## [TASK DESCRIPTION]
Transcribe the listing that follows in full, exactly, and drop its images.

## [EXERCISE DATA]
_ _ _ _
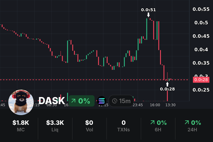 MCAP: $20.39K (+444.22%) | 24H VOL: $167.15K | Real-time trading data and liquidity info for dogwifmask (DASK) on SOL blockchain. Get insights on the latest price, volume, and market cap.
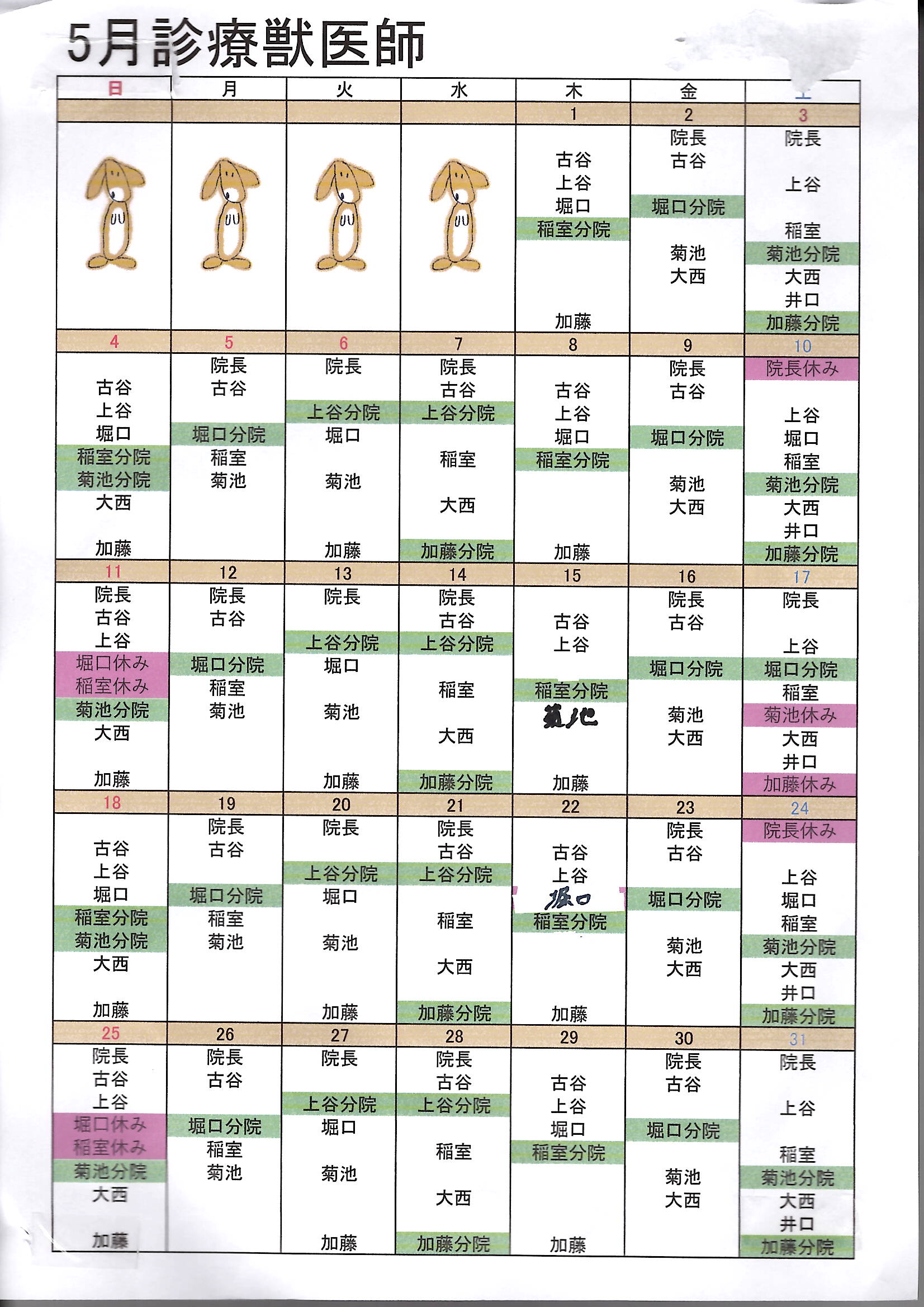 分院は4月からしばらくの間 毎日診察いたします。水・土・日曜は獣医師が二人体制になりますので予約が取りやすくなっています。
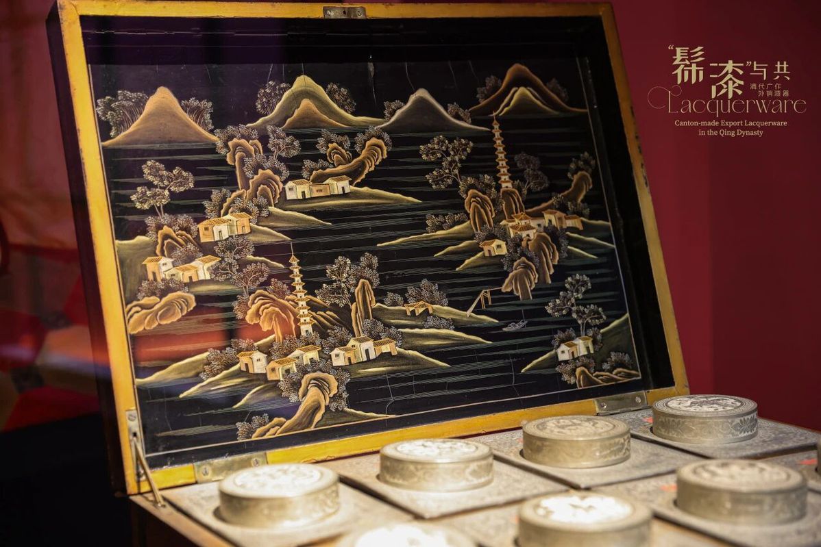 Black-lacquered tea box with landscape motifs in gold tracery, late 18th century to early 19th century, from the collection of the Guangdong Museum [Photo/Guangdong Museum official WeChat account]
_ _ _ _
## [RESPONSE BELOW]
 MCAP: $20.39K (+444.22%) | 24H VOL: $167.15K | Real-time trading data and liquidity info for dogwifmask (DASK) on SOL blockchain. Get insights on the latest price, volume, and market cap.
 分院は4月からしばらくの間 毎日診察いたします。水・土・日曜は獣医師が二人体制になりますので予約が取りやすくなっています。
 Black-lacquered tea box with landscape motifs in gold tracery, late 18th century to early 19th century, from the collection of the Guangdong Museum [Photo/Guangdong Museum official WeChat account]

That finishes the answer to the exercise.